You need to project future revenue based upon observed seasonal and trend patterns.
While NRQL predictions themselves do not identify potential issues, they equip you with the information you need to assess trends and plan for future challenges. To generate alerts when the predicted values indicate an impending problem, you can use the Predictive Alerts feature. Predictive Alerts work alongside NRQL predictions to generate predictions for your metrics and alert when those predicted values pass a static threshold.
Pricing
The NRQL predictions is an Advanced Compute Product feature offered as an add-on or as a part of the Compute pricing model. Advanced CCUs are consumed when NRQL queries are executed for this feature.
Usage
NRQL predictions can be generated in two ways: either directly on charts you have already created or by writing a NRQL query using the PREDICT clause.
You can add NRQL predictions only to charts that depict time series data, such as line or area charts. To add a NRQL prediction to an existing chart, perform the steps as follows:
To add predictions to a line or area chart, select it from Dashboards, or open it from Metrics and events.
Add predictions
To add a prediction to charts in dashboards, from the menu, select Predict trend. The Predict trend option is not available for charts in curated dashboards, which are system-generated and non-editable dashboards designed for specific services. So, from the menu, select View Query and add the PREDICT clause to the query.

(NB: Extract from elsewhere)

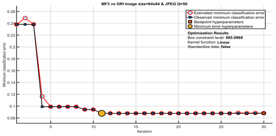 Both uncompressed and compressed images with JPEG quality Q = {70,50,30} and size of 128 × 128, 64 × 64, and 32 × 32 pixels are used for experimental purposes. The non-filtered images are denoted by ORI. Median filtered images with a filter size of 3 × 3 are denoted by MF3. Similarly, mean filtered and Gaussian filtered images of a filter size 3 × 3 are denoted by AVG3 and GAU3, respectively. Median, mean and Gaussian filtered images of filter window size 5 × 5 are denoted by MF5, AVG5 and GAU5, respectively. The compression is applied after filtering, i.e., post JPEG compression in filtered images. The SVM classifier with linear kernel is taken as a classifier. More than one hundred training testing pairs are formed for unbiased result analysis. Both the training and testing set have an equal number of images. The experimental results are represented in the form of average detection accuracy and average percentage error. For the proposed method, optimum SVM hyper-parameters are achieved using minimum classification error plot as shown in Figure 8. The estimated and observed minimum classification error point denotes the estimated and observed error while considering different hyper parameter values in the process of Bayesian optimization. The best hyper-parameter point denotes the iteration of corresponding optimized hyper-parameters. The minimum error hyper-parameters point defines the iteration of respective hyper parameters that produce the observed minimum classification error. The ORI and MF3 images of image sizes 64 × 64 and JPEG Q = 50 are taken for parameter selection. The hyper-parameters are utilized for all other experimental results in rest of the paper.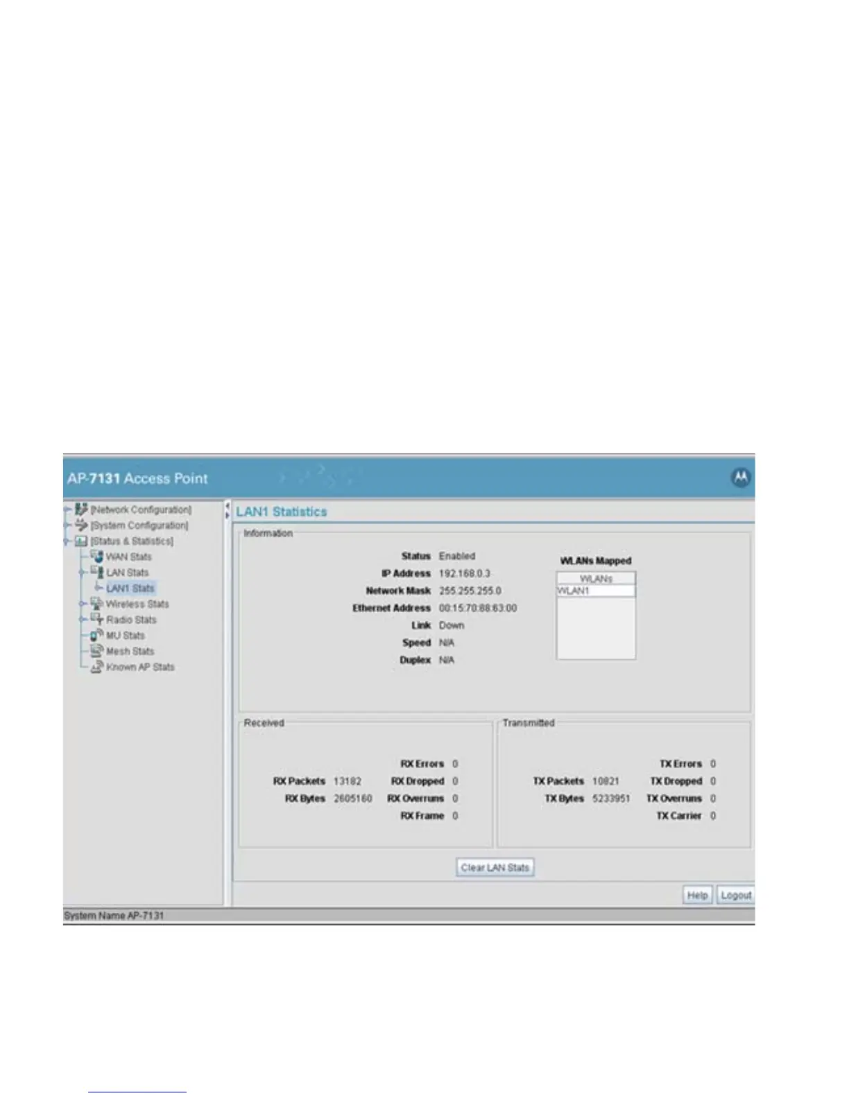 LAN2 port since it was last enabled or the access point was last restarted. The LAN Stats screen is

In Data Explorer, the prediction appears on the chart highlighted in a gray area with a dashed line connecting the predicted values, representing the NRQL predictions default behavior. You can refine the query by fine-tuning according to your requirements and re-run it to get the updated predictions.
팁
When you add predictions to an area chart, it changes to a line chart containing the predictions.
Add to dashboard
To add a chart containing predictions to a dashboard:
Click Add to dashboard.
Enter a widget name.
Either select an existing dashboard or create a new one.
The NRQL syntax includes the PREDICT clause to streamline the use of NRQL predictions. For usage details and examples, refer to the default behavior section.
The usage of the default PREDICT clause provides the best prediction results.
The PREDICT clause in a query comes with the following default behaviors which are dependent upon your query window duration (specified using the SINCE and UNTIL clauses):
Default behavior
Seasonality
Automatically detects whether seasonality is present in the historic data. If seasonality is detected, the identified season length is used to generate a seasonal model, otherwise a non-seasonal model is used. We currently support seasonal lengths of hourly, daily, and weekly. For more details on seasonality, refer to the algorithm section.
Algorithm hyperparameters
Hyperparameters are automatically optimized and selected based on the historical data.
Amount of historical data for training
Uses historical data from the last three query windows (the current one and the two preceding it). For example, if your query window is one hour in length, a total of three hours will be used for training. The chart displays only the data from the current query window, not the entire training data.
If you want to only display a certain length of time in the query window but use more data for training, you can use the USING clause.
If a seasonality other than the default is specified, the amount of training data used will be different. For more details, refer to the seasonal section.
Prediction window
Predicts a range equal to 20% of the total time span specified in your query window. For example, if your query window is one hour, the predictions will be for the next 12 minutes. You can override this default with the BY clause.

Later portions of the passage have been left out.